A question that is weighing heavily on the minds of the discerning public is this—what ought an attorney general (AG) to do, if under his watch, in the circumstances surrounding the passage and proclamation of the controversial S34, there is a public outcry for his resignation? In contemplating the matter, consideration would have to be given to the role and function of the AG and the fact that the particular minister who piloted the bill and sought the early proclamation of the “offensive” section was fired as a minister and that all blame for the fiasco has been placed at his feet. In this context, I have carefully listened to the utterances of the AG on the matter and more specifically, his response to the call from various sectors of the population to resign, and might I say from the outset, that I respectfully disagree with some of the arguments that he has submitted on his own behalf to justify his refusal to vacate the post.
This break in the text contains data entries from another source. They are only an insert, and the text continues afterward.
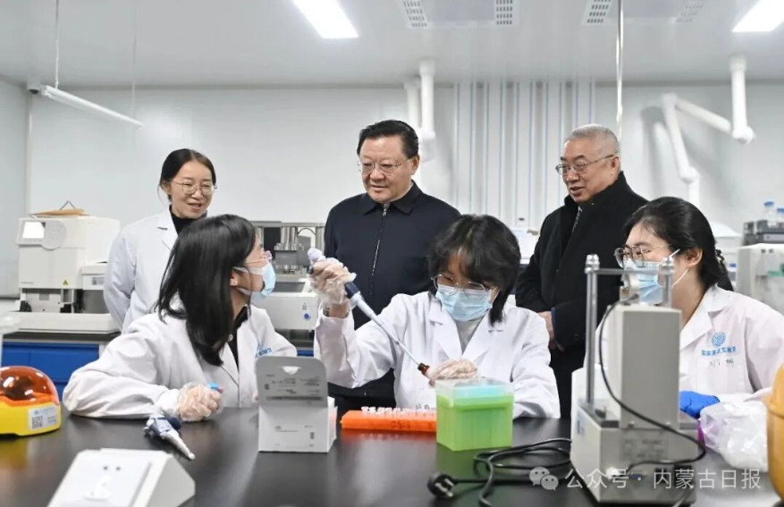 12月16日,自治区党委书记王伟中在省部共建草原家畜生殖调控与繁育国家重点实验室了解生物育种研发进展情况。草原云·内蒙古新闻网记者 马建兵 摄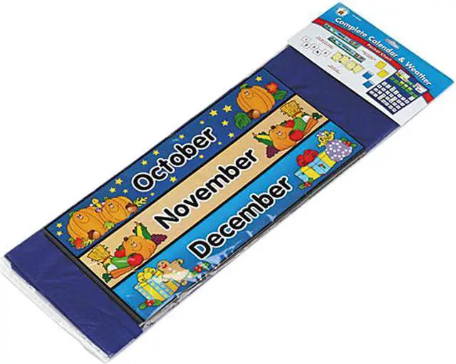 26 inches x 37.25 inches (2) 26 inch x 2 inch clear pockets 49 clear pockets, approx. 3.75 inches x 2 inches 208 total cards, which include: monthly, holiday, question of the day, season, and weather Resource guide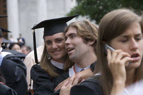 Andrew Ianuzzi receives a celebratory hug from Molly Jones, left, after Commencement.
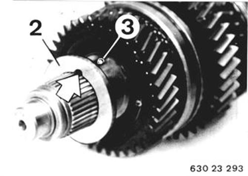 Install needle bearing, 3rd gear wheel and synchromesh ring. Install guide and operating sleeves on splines with the long collar facing the 3rd gear wheel. Version with Three Grooves: The grooves must face the 4th gear wheel. | ![]() |
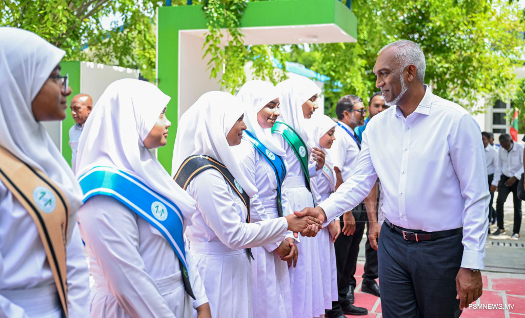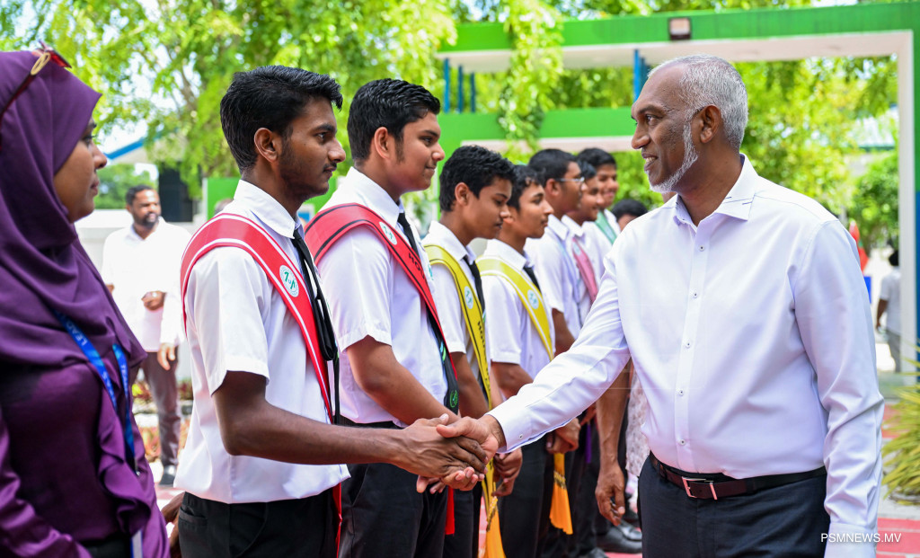 ކ. ކާށިދޫ ސްކޫލް ދަރިވަރުންނާއި ރައީސުލްޖުމްހޫރިއްޔާ ޑރ. މުޙައްމަދު މުޢިއްޒު ސަލާމްކުރައްވަނީ / ފޮޓޯ - ރައީސް އޮފީސް

In no way am I suggesting that the learned AG should automatically accede to the demand of those who are calling for his removal from office, for some of the calls may be coming from persons with ulterior motives and political agendas.
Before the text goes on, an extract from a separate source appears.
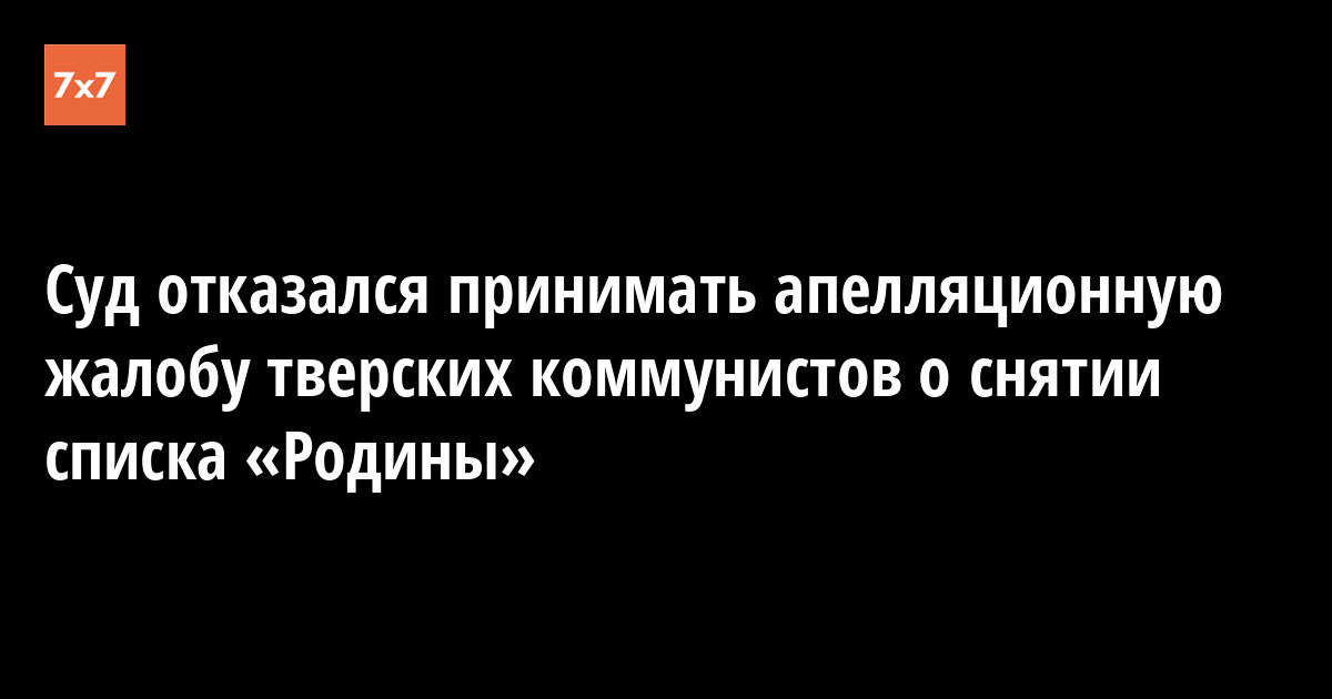 Московский районный суд Твери 11 сентября отказался принимать апелляционную жалобу коммунистов, в которой они просили снять с выборов в тверскую гордуму партию «Родина». Об этом «7x7» рассказал источник в «Родине».

By the same token, the AG ought to realise that thousands of people have publicly demonstrated in support of his being fired and this is not a matter that he should dismiss lightly or treat with cavalier style. While many admire the bravery of the AG and his ability to smile through what some describe as a “rough patch”, it must be of great concern that not many legal luminaries have come to his rapid defence and so many others are remaining silent on the matter. In his defence, the AG has submitted that, “Although he is the legal adviser to the Cabinet, when we created the Ministry of Justice the criminal portfolio was assigned to that ministry and the gazetted allocation of ministerial responsibility placed criminal legislation and the reform of criminal justice system under that particular ministry.” The AG is no doubt referring to Sec 76 (2) and Sec 79 (1) of the Constitution, which have the combined effect of assigning to any minister, in this case, the Minister of Justice, “responsibility for any business of the Government of Trinidad and Tobago, including the administration of any department of Government.” In other words, the AG is stating that he should not be held liable for the actions of a minister who was assigned responsibility for a portfolio, which was previously within the domain of the AG.
This argument is certainly intellectually seductive but does it absolve the AG from his overall responsibility to ensure that all the laws passed by the Parliament have been subjected to the highest scrutiny? The office of AG has at its disposal, resources to retain the most brilliant minds and while admittedly, an attorney can never be an expert in all areas of law, surely the absence of white colour crimes from schedule 6 did not require the input of a legal genius. While I advocate that the entire Parliament must carry the blame for the omission to include white collar and other serious crimes, such as fraud, terrorism and theft in Schedule 6 of the legislation, this is a matter that should never have slipped the attention of the AG, especially since he deals with requests for extradition, which deal with serious offences not stated in the Schedule. The excuse, therefore, that he, like many others before him who held the Office of AG, came from the Civil Bar, is insufficient to negate such a glaring and obvious legislative blunder. Perhaps the argument is lost on me but I do not understand the position of the AG that the statement by Mr Manning that the latter would not have voted in favour of Sec 34 if he was present in the Parliament, amounts to vindication for the AG.
In my view, it highlights the point that Mr Manning, who is not a lawyer, acknowledges the flaw in the section, a point which was missed by all the attorneys on all sides in both Houses of Parliament. Further, the AG is quoted as saying that based on this statement by Mr Manning, “…he (Manning) has hit the nail on the head because if they (the PNM) did not vote for Section 34 there would have been nothing to proclaim.” But surely the AG is aware that his government commands the special three–fifths majority in the Lower House and in the Upper House, even if the PNM senators did not vote in favour of the Sec 34, support from some of the members of the Independent bench would have resulted in the passage of the bill with the requisite special majority. So here again, I respectfully disagree with this submission on the part of the AG to absolve himself. I know that the person who holds the Office of AG is in a permanent hot seat but such is the occupational hazard for one who carries such an important function. I end by saying that had this incident of Sec 34 occurred in the United Kingdom, it would not only be the Minister of Justice who would have been sent home.